Write out the listing below exactly, and omit any images you find in it.

Provided data:
- - -
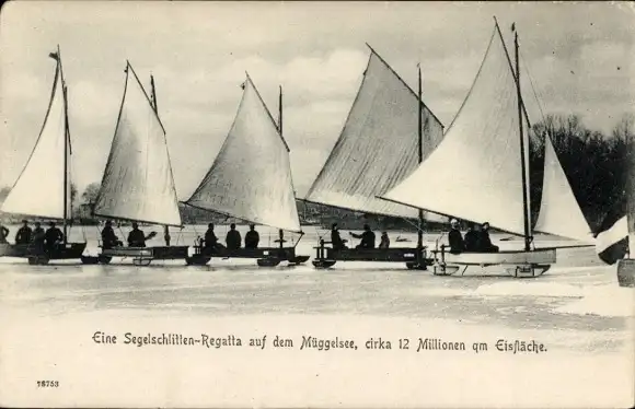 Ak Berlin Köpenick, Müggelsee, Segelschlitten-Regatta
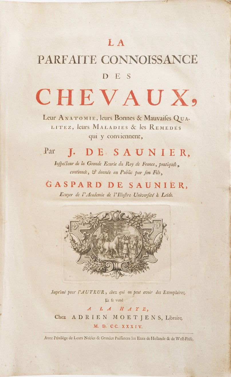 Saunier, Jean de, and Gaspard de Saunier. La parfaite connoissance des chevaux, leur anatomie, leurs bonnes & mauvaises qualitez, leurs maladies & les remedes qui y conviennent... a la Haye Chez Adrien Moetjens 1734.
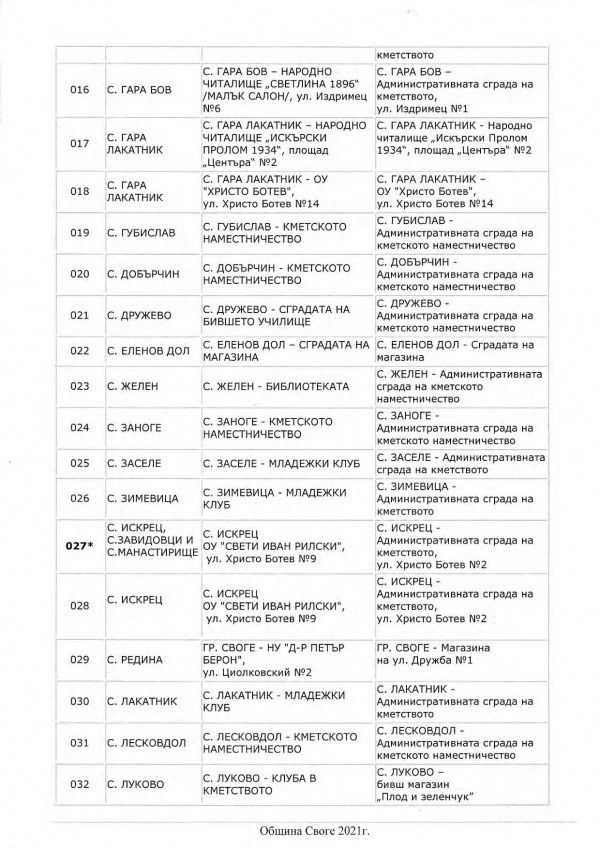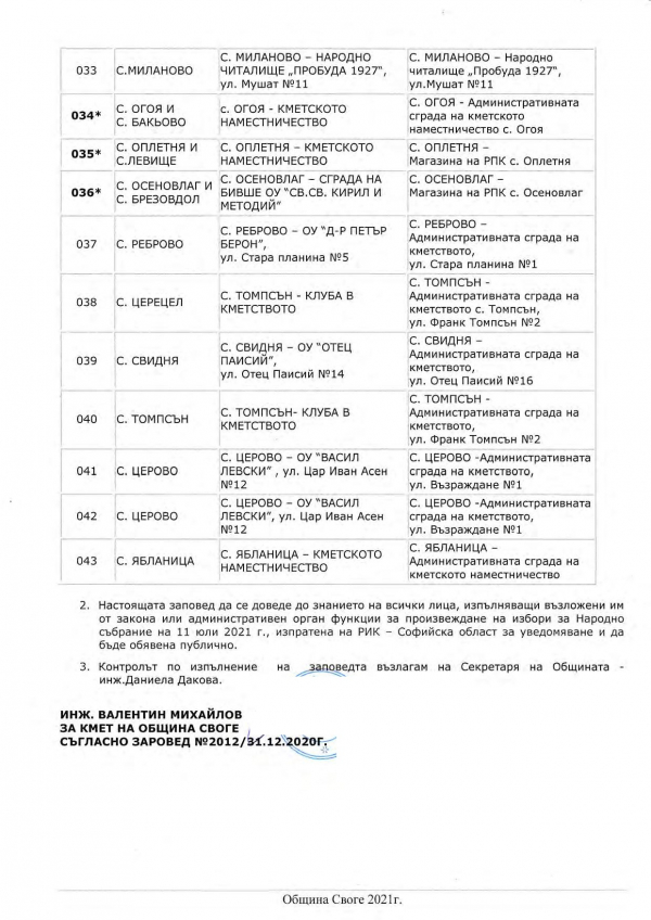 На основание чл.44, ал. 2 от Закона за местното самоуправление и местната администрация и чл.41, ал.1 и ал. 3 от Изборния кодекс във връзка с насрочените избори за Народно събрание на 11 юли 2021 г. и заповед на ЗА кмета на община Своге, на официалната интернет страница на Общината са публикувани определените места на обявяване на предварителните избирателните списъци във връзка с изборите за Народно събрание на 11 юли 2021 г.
- - -
Reply to the exercise:
 Ak Berlin Köpenick, Müggelsee, Segelschlitten-Regatta
 Saunier, Jean de, and Gaspard de Saunier. La parfaite connoissance des chevaux, leur anatomie, leurs bonnes & mauvaises qualitez, leurs maladies & les remedes qui y conviennent... a la Haye Chez Adrien Moetjens 1734.
 На основание чл.44, ал. 2 от Закона за местното самоуправление и местната администрация и чл.41, ал.1 и ал. 3 от Изборния кодекс във връзка с насрочените избори за Народно събрание на 11 юли 2021 г. и заповед на ЗА кмета на община Своге, на официалната интернет страница на Общината са публикувани определените места на обявяване на предварителните избирателните списъци във връзка с изборите за Народно събрание на 11 юли 2021 г.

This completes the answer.